Immediately after the elections, NKVD units under the leadership of Ivan Serov arrested more than 15,000 "hostile elements" and members of their families [7]. In the first year of Soviet occupation, from June 1940 to June 1941, the number confirmed executed, conscripted, or deported is minimally estimated at 124,467: 59,732 in Estonia, 34,250 in Latvia, and 30,485 in Lithuania.[16] This included 8 former heads of state and 38 ministers from Estonia, 3 former heads of state and 15 ministers from Latvia, and the current president, 5 prime ministers and 24 other ministers from Lithuania.[17] The last large-scale cleansing operation was planned for the night of 27-28 June 1941. It was delayed for several years by the the German invasion (Operation Barbarossa) [7]. According to historian Robert Conquest, the selective deportations from the Baltic States represented the policy of "the decapitation of the nation by removing its spokesmen", "as was later evidently to be the motive for the Katyn massacre" [18]

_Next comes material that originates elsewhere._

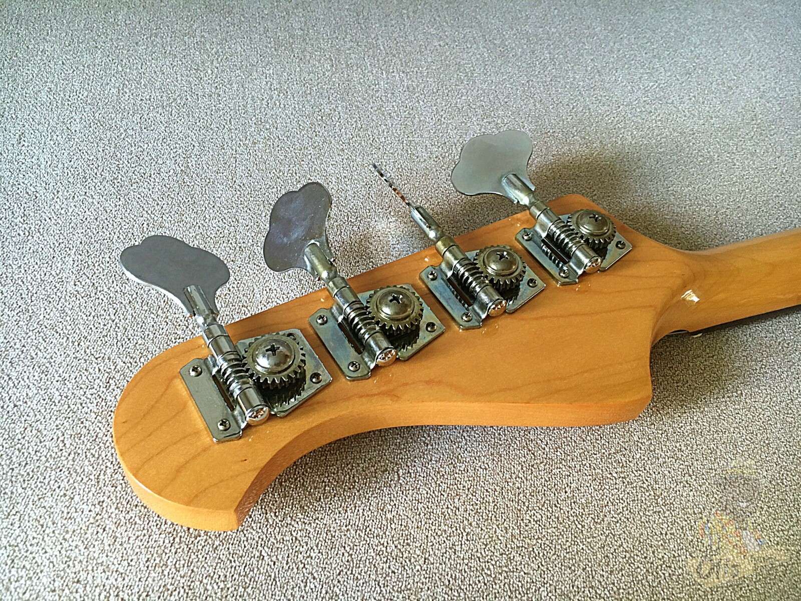 Сама сборка без просчетов - это самый настоящий Jazz Bass, с плотной посадкой грифа и правильным расположением всех элементов. Несколько выдает инструмент дешевая фурнитура - noname китайский бридж, колки Klyson-type c маленьким передаточным числом, пикгард с закосом под "черепаший панцирь", но большего за такую цену и не ожидаешь. В стоке инструмент однозначно неплох, в нем чувствуется потенциал "для прокачки", то есть это прекрасный конструктор за небольшие деньги.

Between July and August 1940, Estonian, Latvian and Lithuanian envoys to the United States and the United Kingdom made official protests against Soviet occupation and annexation of their countries. The United States,[19] in accordance with the principles of the Stimson Doctrine (Sumner Welles' Declaration of July 23, 1940[20][15]), as well as most other Western countries[21][22] never formally recognized the annexation, but did not directly interfere with Soviet control. The Baltic States continued their de jure existence in accordance with international law[23][24]. Diplomatic and consular representations of the Baltic States continued to function between 1940 - 1991 in some Western countries (USA, Australia, Switzerland).[25] Members of Estonian, Latvian and Lithuanian diplomatic services in Western countries continued to formulate and express the official opinion of Estonia, Latvia and Lithuania, and protected the interests of these countries and their citizens abroad between 1940–1991, i.e., until the restoration of independence of the Baltic States.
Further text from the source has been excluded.